Sunday, August 3, 2008

In death, a member of Project Mayhem has a name

And like that. The movie is dead. Or at least it's very cold and not moving when we poke it. So now I can tell you...its name was Archie Hotel. Or at least that's what we called it.

Over the weekend, the Company ventured out into the woods and attempted to film one of the simpler segments of the film. A man lost in the forest. We had a forest. We had a man. All that was left was pointing the camera and pushing the big red button... Ha. Let me restate that: Ha.

We didn't focus the camera properly. We acted tired in one shot and angry in another. We wore the wrong shirt. We planned for a three hour tour, but were stuck on the island for three years. And none of us was as forward thinking as the Howells.

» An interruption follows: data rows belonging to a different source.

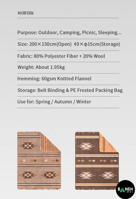 | کاربرد | پتو، زیرانداز، پوشش اضافی در کمپینگ و سفر |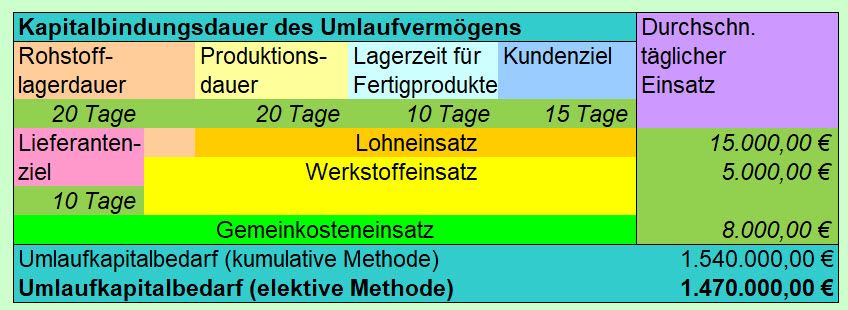 Zum Anlagenkapitalbedarf gesellt sich der Umlaufkapitalbedarf. Das Umlaufkapital stellt die Durchführung des Leistungsprozesses sicher. Dieser Bedarf wird aus der Kapitalbindungsdauer des Umlaufvermögens sowie den durchschnittlichen täglichen Auszahlungen ermittelt. Dazu wird entweder die kumulative oder die elektive Methode herangezogen. Bevorzugt wird die elektive Methode eingesetzt, da diese den Kapitalbedarf genauer ermittelt.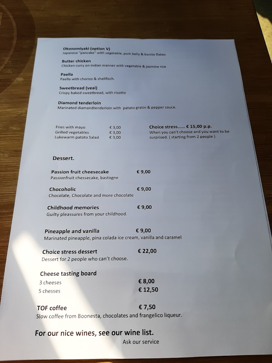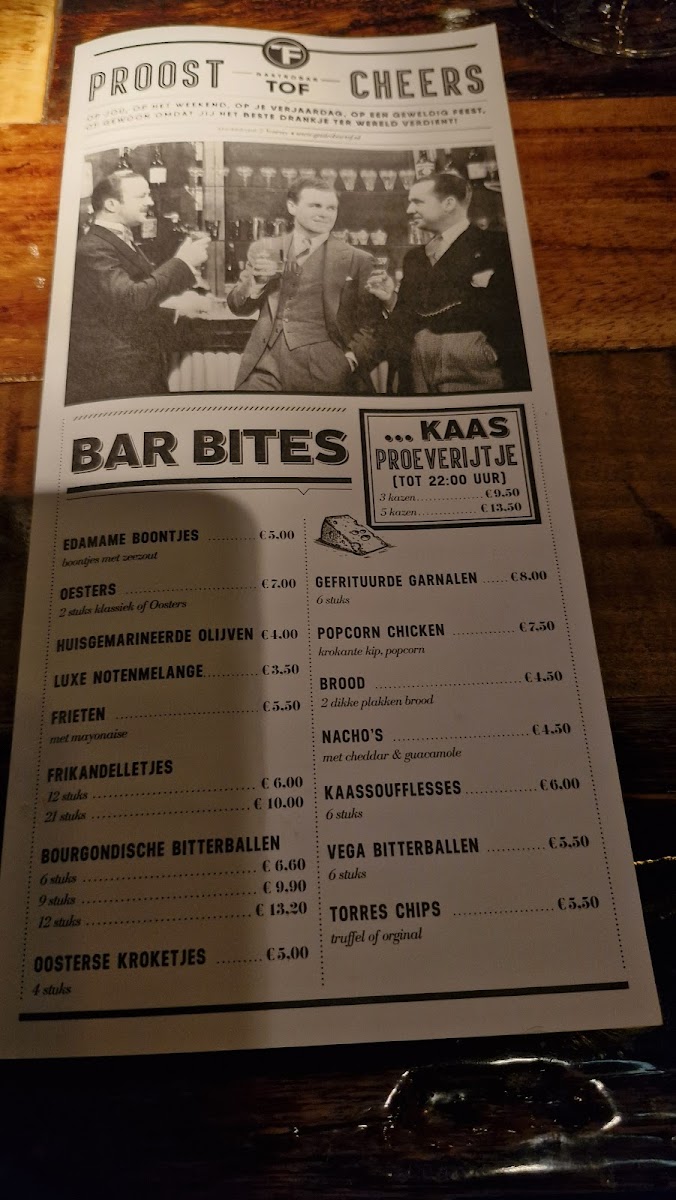 Desserts and drinks round out the experience seamlessly. Sweet endings like Toetje, Grand Desert, and the generous 2 Persoons Dessert Plank invite sharing and lingering at the table. Beverage options such as Zoete Witte Wijn and Great Beer Kasteel Cuvee complement both savory and sweet choices, reinforcing the gastrobar concept where food and drink are equally important. Altogether, the menu feels cohesive, versatile, and well-judged, making it easy to see why it appeals to a broad range of tastes without losing its distinctive character.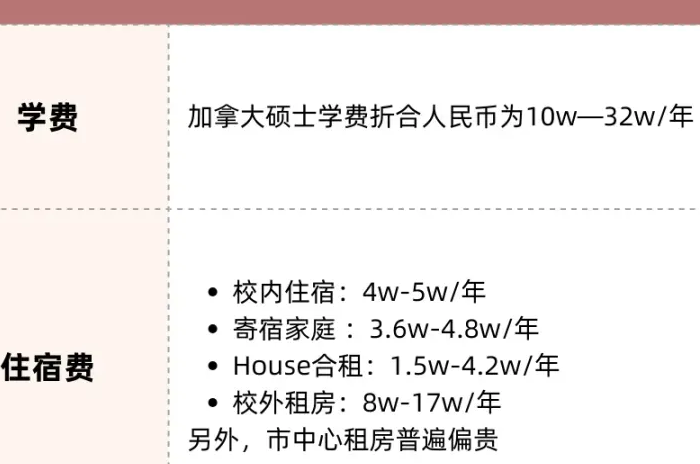 生活费方面,根据所在地区消费水平不同有所差异,中等城市的生活费比大城市低20%~30%,每年约7万到10万元人民币,整体算下来,加拿大读研每年总成本约13万~20万人民币,与国内部分专硕学费相当,甚至更低。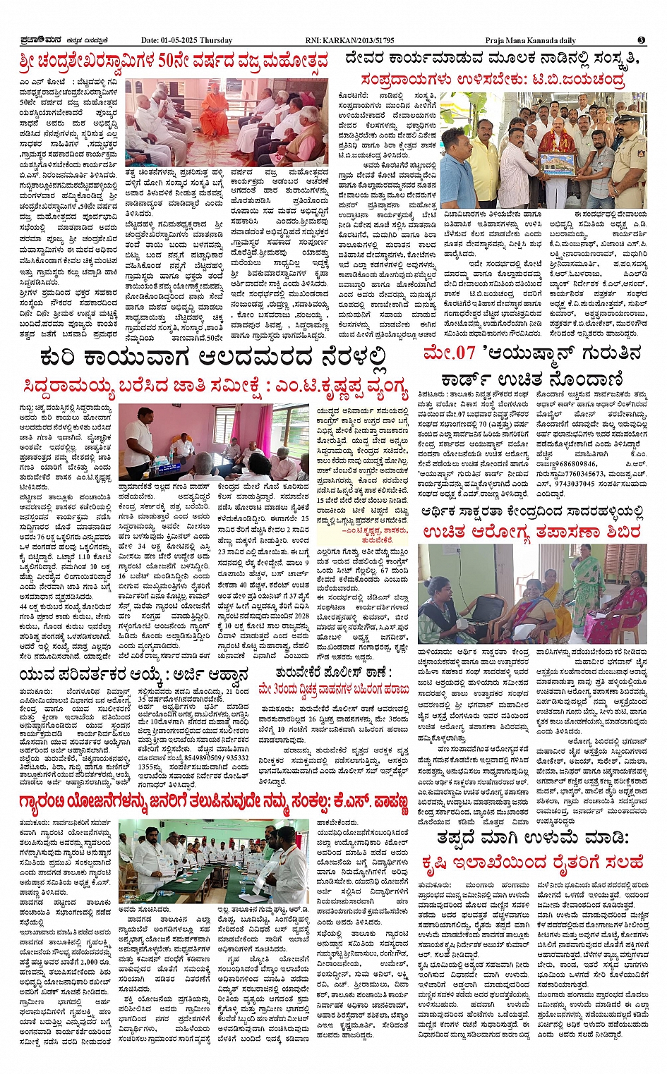 ಪ್ರಜಾಮನ 1 MAY 2025 Page: 3 May 01, 2025 << First << 3 >> Last >> Page 1Page 2Page 3Page 4 × ಪ್ರಜಾಮನ 1 MAY 2025 PRAJAMANA-page-001PRAJAMANA-page-002PRAJAMANA-page-003PRAJAMANA-page-004 << First << 3 >> Last >> PRAJAMANA-page-001PRAJAMANA-page-002PRAJAMANA-page-003PRAJAMANA-page-004 PRAJAMANA-page-003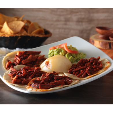 4 tacos de tortilla de maíz con guacamole, cebolla asada y fajita. totopos, salsa y limones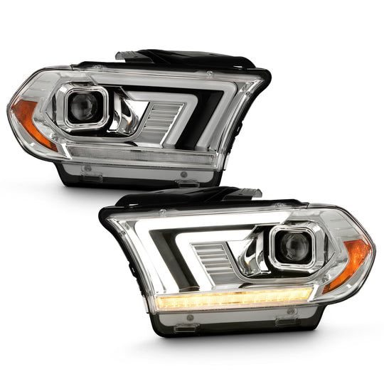 AKKON - Fit 2011-2013 Dodge Durango LED Tube Parking Sequential Turn Signal [Halogen Type] Projector Chrome Headlights Pair LH+RH

So the movie died. We didn't realize it right away. We put sunglasses on it and carried it around for a while, Bernie Lomax style. Then it sunk in. Brandon noticed it first. Then, perhaps due to the fetid smell of the footage or the realization that the task at hand was as heavy and crushing as a cubic ton of burial dirt, I too saw how our film was no longer with us. We met with the rest of the Company, shared the bad news, and collectively pored over the autopsy report. Then we drank.

It's been a little while now. I'm getting used to its absence. I'll admit I wasn't ready to let it go, kept holding on to its hand asking it to please wake up, yelling at Brandon, telling him to stop lying to me. It wasn't dead, it just needed better organization, more effort, more love. I made lists and forms and schedules and promises, anything I could think of to revive it, anything to not to give up. But it was gone. It is gone. That which once rang so blue and clear in our hearts is now but a dull, raw hole in our chests.

However.

We are still alive. And we have ten freakin' thousand dollars' worth of camera and editing equipment. And we have you: friends and family and co-workers to whom we've made this silly declaration, this threat, this promise that four people dedicated to the idea of independently creating a diversionary narrative from pictures and sound can do so if they try. So we are trying.

I'm back at the studio. I'm writing a short that involves four locations, all of which we have access to, and four speaking parts. It will be smaller, more manageable. And I'll tell you all about it. Right here.

You may have noticed the "About me" description has changed. This here will still be about bringing Archie Hotel to life. That process is just taking a little longer than we first expected--it's not overnight that you learn how to make radios from coconuts.

1 comment:

Steve said...

Please accept my hearty condolences and heartfelt congratulations.